| Thanks Nijaz for the updated filter rules!
With these I was also able now to "HTTrack down" the guardianproject in a
short amount of time.
JFYI here the used command line version:
httrack <https://mobile.twitter.com/guardianproject> -v -s0 -F "Mozilla/5.0
(Linux; U; Android 2.2) AppleWebKit/533.1 (KHTML, like Gecko) Version/4.0
Mobile Safari/533.1" -%S "twitter2-scanrules.txt" -%c16 -%B -u0 -%s -%v -A0
--disable-security-limits
(in the scanrules txt file are the rules as defined by you)
Tried it also on the other Twitter account I was using in my first test, and
it also was quickly finishing.
For some embedded images it may need some further scan rules tweaking, but
overall it's great to see that basically working!
I just noticed recently, at least with these 2 tests, the created HTML files
are stored without file suffix.
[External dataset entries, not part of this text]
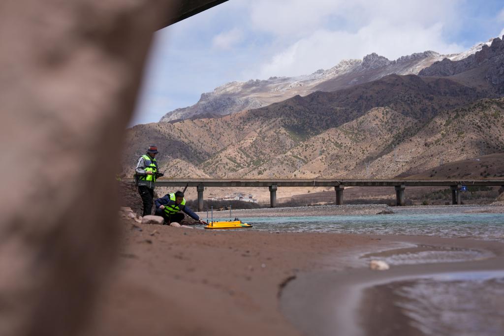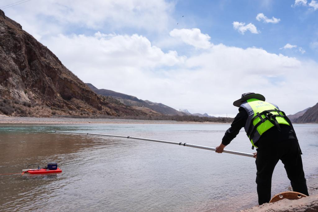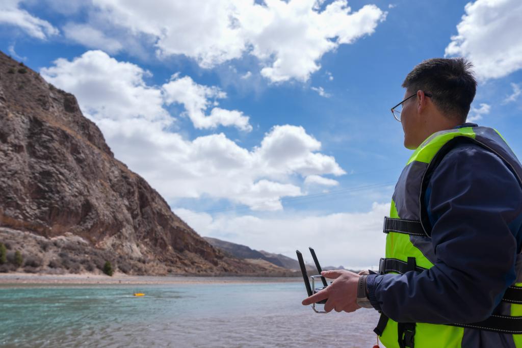 青海省玉树水文水资源测报分中心职工在香达水文站通过无人船测量水下断面。新华社发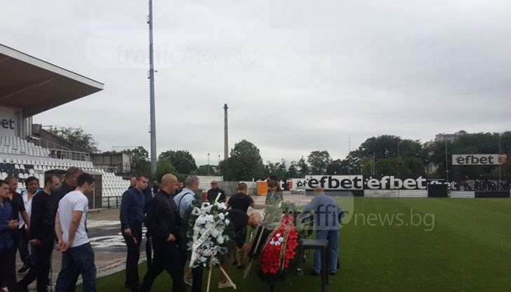 Опечалените поднесоха венци и цветя над тленните останки на футболиста на стадион Локомотив на Лаута. Пловдивчани близо час поднасяха съболезнования на близките на Садъков, пише Traffic News.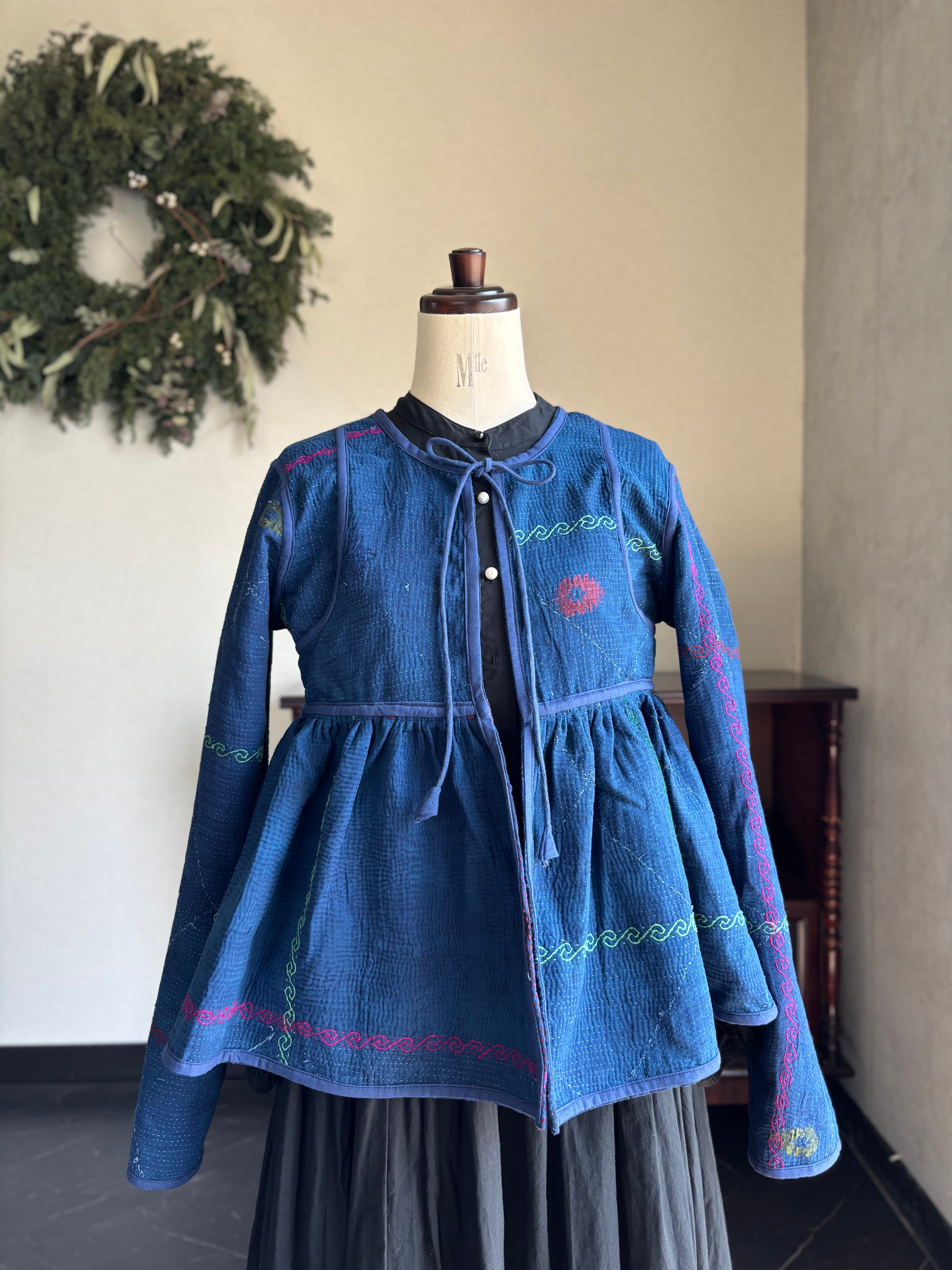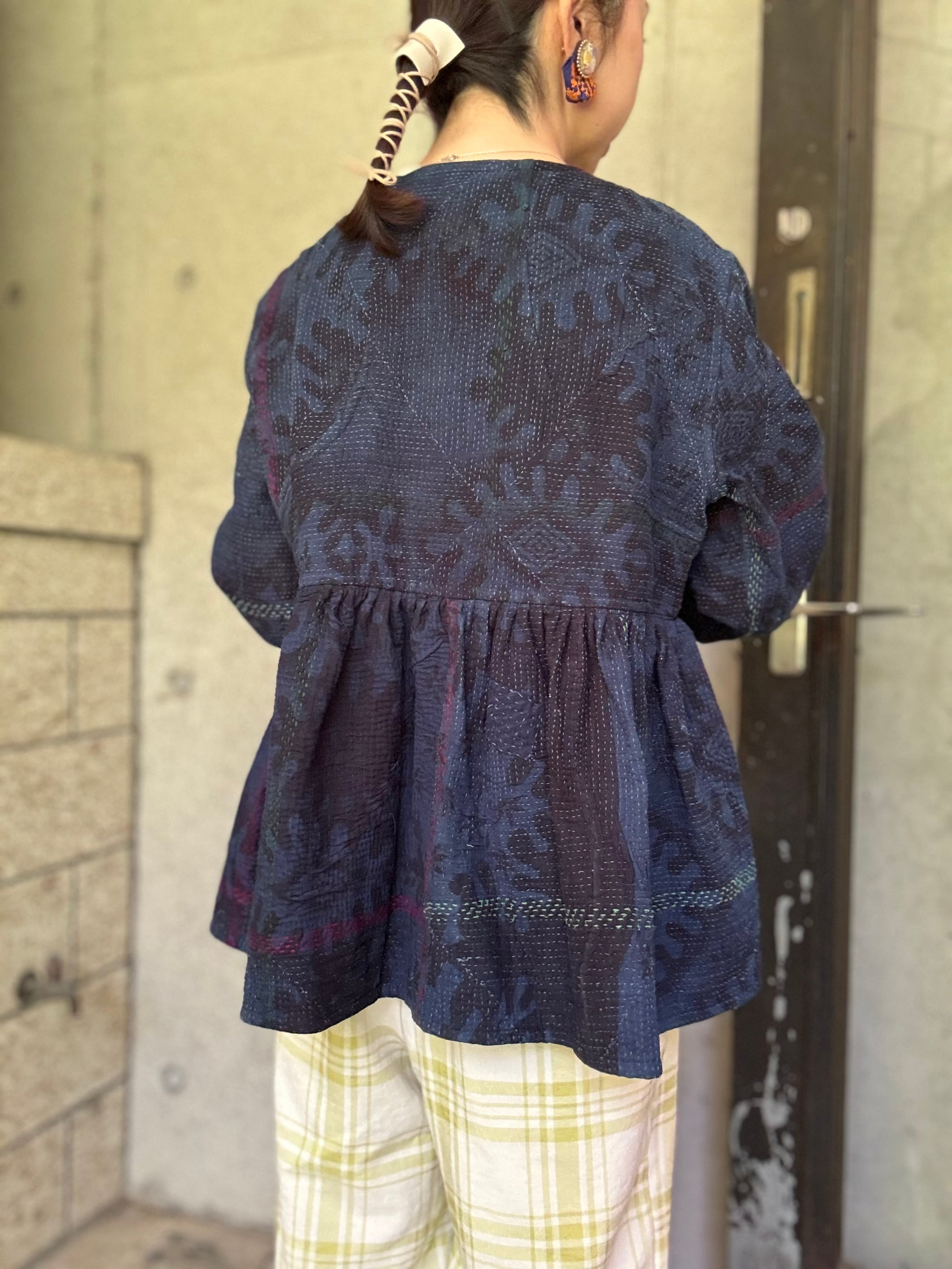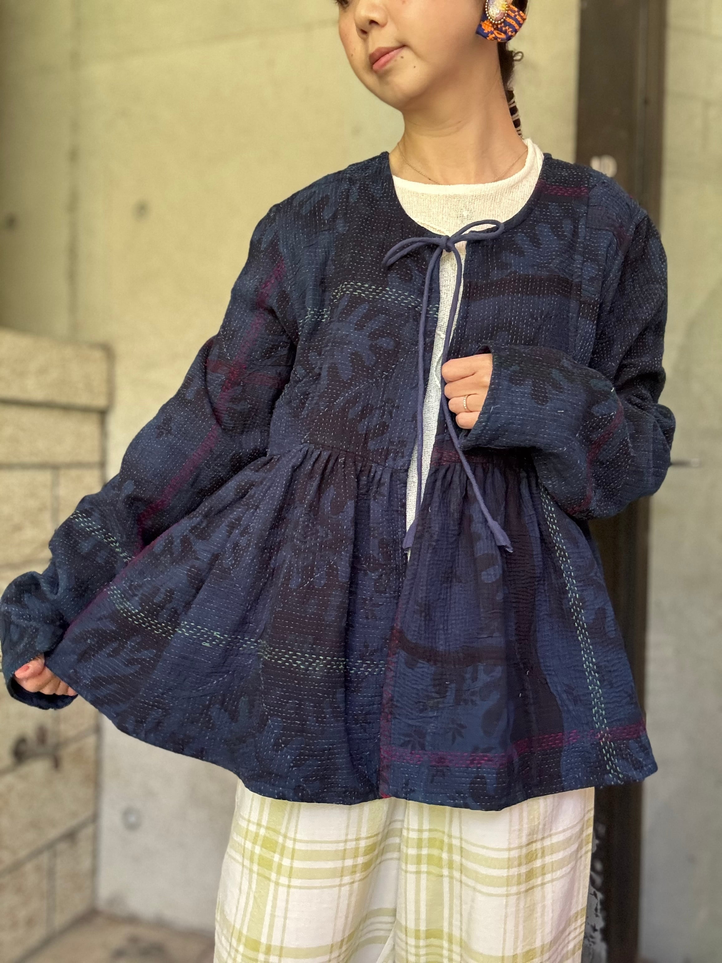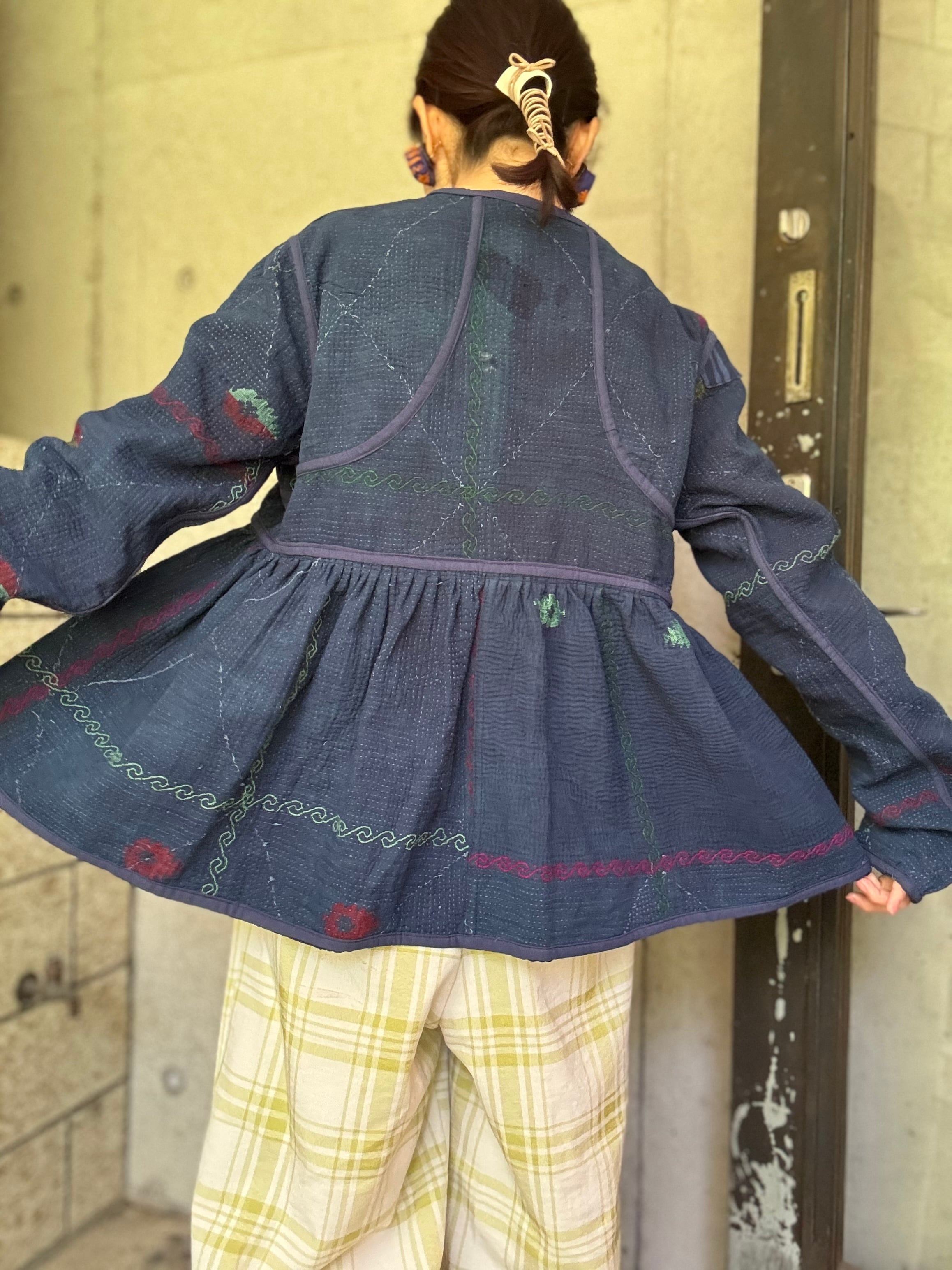 ヴィンテージのカンタ(ラリー)キルトで仕立てた、ラバリジャケットです。長い時間を旅してきた布ならではの風合いを生かした、世界にひとつだけの一点ものとなります。

I have to add .html and then they are viewable
(else it would be the plain source html text in the browser). And because of
the missing file suffix, also the reference used by the "Load Older Tweets"
button would require the .html change in each file, else right now it
references out to the "file without suffix".
Any idea why the files (and hence references in these files) are not having
any file suffix, where I would expect it to be .html for example? | |